Meaningfully paid paternity leave and Day 1 rights to request flexible working will help reduce gender, ethnicity and disability pay gaps.

These two recommendations form part of a wide-ranging report from the Equality and Human Rights Commission (EHRC) aimed at addressing pay gaps, see Fair Opportunities for All. The gender pay gap stands at 18.1%, the ethnic minority pay gap at 5.7% and the disability pay gap at 13.6%.

Flexibility

The EHRC recommends that:

  • The right to request flexible working (currently only available to those with 26 weeks’ service) be extended to apply from Day 1 in all jobs, unless there’s a genuine business reason which makes this impossible.
  • Employers should offer all jobs, including the most senior, on a flexible and part-time basis unless there’s a genuine business reason which makes this impossible.

Separate research from the recruitment firm Michael Page has questioned the reality of flexible working, especially for young professionals or ‘millennial’ workers, aged 18-27. The results suggest that for this group of employees flexible working remains largely out of reach:

  • 60% of millennials who have worked (or have asked to work) flexibly have felt judged or penalised for doing so
  • Of those, just under half (47%) have felt judged by company management or senior leadership
  • 2 in 10 (20%) millennial respondents have been actively refused flexible working options by an employer, despite asking
  • Nearly half see flexible working as a benefit reserved for management or senior leadership

Childcare responsibilities

The EHRC recommends that:

  • Men should be encouraged to share childcare more equally and the workplace bias towards mothers as the primary carer needs to be reduced.
  • To that end, the government should introduce dedicated non-transferrable, ring-fenced ‘use it or lose it’ parental leave for fathers – with a pay rate that acts as a real incentive to take up (along the successful model used in Scandinavian countries).
  • This will encourage will encourage more men to ask for flexible working, reducing the ‘motherhood penalty’ that many women face after having children and increasing the opportunities for them to progress.

The EHRC is also calling on government to extend the current statutory requirement to report on gender pay gaps to disability and ethnicity. It should also publish statistical information on the scale of and trends in disability and ethnicity pay gaps for full-time and part-time workers.

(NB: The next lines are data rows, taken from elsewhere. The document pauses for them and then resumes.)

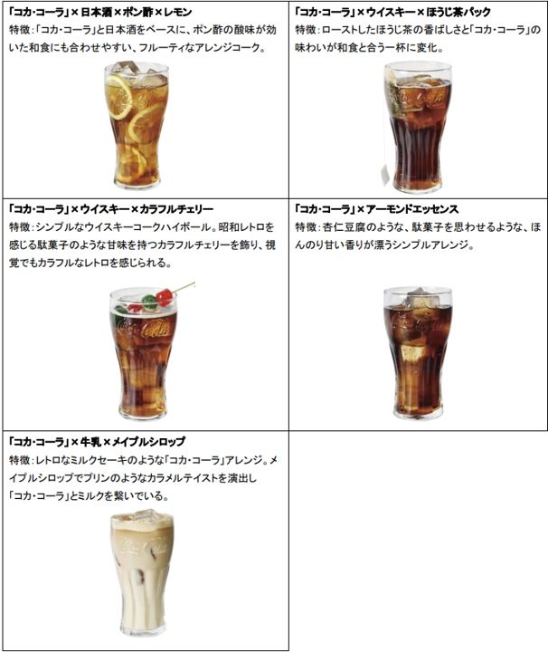 「瓶コーク横丁」の開催期間中、「渋谷横丁」の全店舗では「瓶コーク」割りのオリジナルドリンク5種類が提供されます。
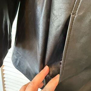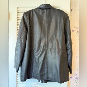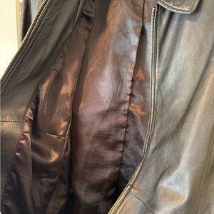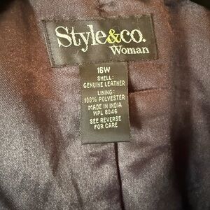 Style & Co genuine black leather jacket. Fully polyester lined. Side pockets that are also lined. Collar. Zip up. Longer fit. 16W. Hardly worn. Great condition.
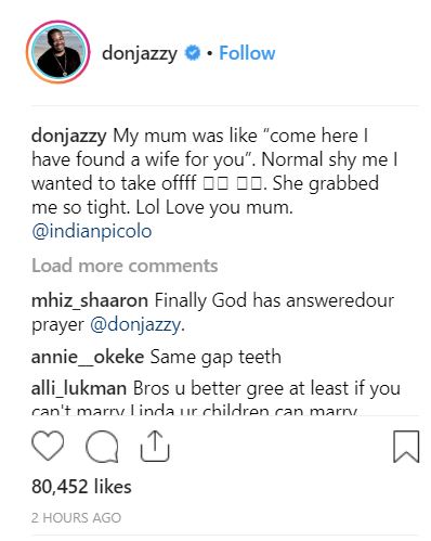 Mavin Records boss, Don Jazzy has revealed that his mother has finally found him a wife.
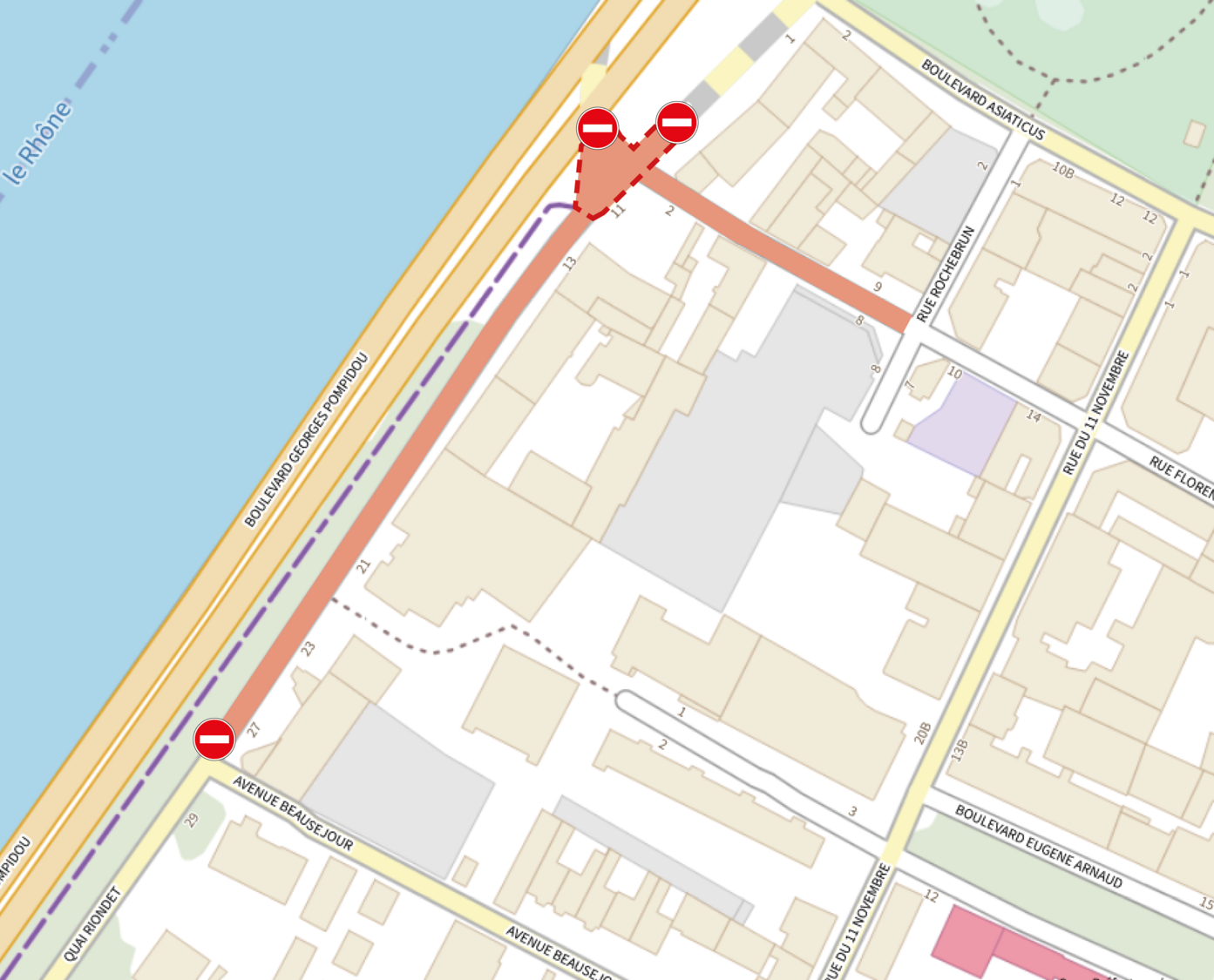 - Neutralisation du carrefour situé au niveau de la MJC avec impossibilité de rejoindre le quai Riondet (niveau MJC) en venant du boulevard Georges Pompidou (quais du Rhône)

Welcoming the breadth of the EHRC’s new strategy, the CIPD commented:

While the right to request flexible working is available to all UK workers who have worked for the same employer for 26 weeks, it is yet to be recognised as such in practice. To make flexible working the norm it’s crucial that organisations challenge assumptions of who it is for and encourage far greater uptake. HR professionals have a critical role in questioning workplace cultures and busting the myths around what flexible working means to encourage businesses to act differently. Through recognition that flexibility is not just about the hours people work and challenging traditionally rigid job design, organisations can create ‘people-shaped jobs’ that enable those with a range of circumstances to access and reach their potential at work, while boosting long-term productivity’.